Task brief =>
Using the listing below, retype exactly the lines starting at the one with "火山岩,并不常见的岩石种类,在全世界范围" and ending at the one with "Такой стиль часто", and include both.

Extracted records =>
╔══
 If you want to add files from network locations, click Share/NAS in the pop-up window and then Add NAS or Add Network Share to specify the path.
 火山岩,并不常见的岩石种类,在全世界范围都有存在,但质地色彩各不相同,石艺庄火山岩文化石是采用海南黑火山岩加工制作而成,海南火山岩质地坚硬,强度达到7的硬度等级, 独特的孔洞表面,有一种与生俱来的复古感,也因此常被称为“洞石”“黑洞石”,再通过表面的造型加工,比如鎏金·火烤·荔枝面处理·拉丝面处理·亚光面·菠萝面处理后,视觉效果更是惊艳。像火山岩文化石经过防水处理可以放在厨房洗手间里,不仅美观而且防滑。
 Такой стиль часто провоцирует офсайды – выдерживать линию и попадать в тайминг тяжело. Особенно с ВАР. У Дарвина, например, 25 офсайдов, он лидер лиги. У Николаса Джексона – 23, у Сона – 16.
╚══
╔══
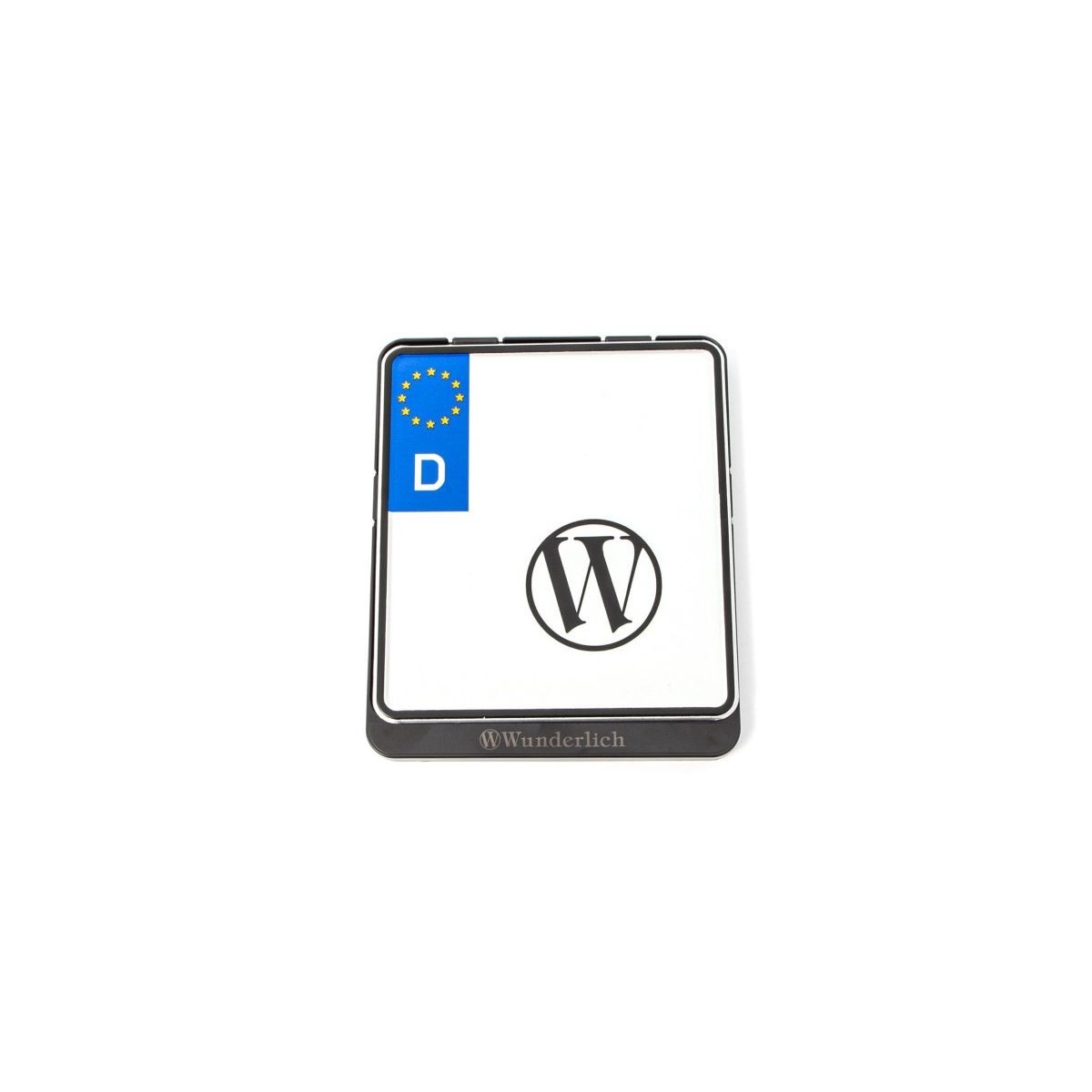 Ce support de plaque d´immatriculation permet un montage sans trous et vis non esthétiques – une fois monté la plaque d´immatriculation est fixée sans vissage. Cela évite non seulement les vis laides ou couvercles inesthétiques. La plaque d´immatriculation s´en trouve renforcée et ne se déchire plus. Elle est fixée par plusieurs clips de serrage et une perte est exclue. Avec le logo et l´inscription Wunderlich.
╚══
Result for this exercise =>
 火山岩,并不常见的岩石种类,在全世界范围都有存在,但质地色彩各不相同,石艺庄火山岩文化石是采用海南黑火山岩加工制作而成,海南火山岩质地坚硬,强度达到7的硬度等级, 独特的孔洞表面,有一种与生俱来的复古感,也因此常被称为“洞石”“黑洞石”,再通过表面的造型加工,比如鎏金·火烤·荔枝面处理·拉丝面处理·亚光面·菠萝面处理后,视觉效果更是惊艳。像火山岩文化石经过防水处理可以放在厨房洗手间里,不仅美观而且防滑。
 Такой стиль часто провоцирует офсайды – выдерживать линию и попадать в тайминг тяжело. Особенно с ВАР. У Дарвина, например, 25 офсайдов, он лидер лиги. У Николаса Джексона – 23, у Сона – 16.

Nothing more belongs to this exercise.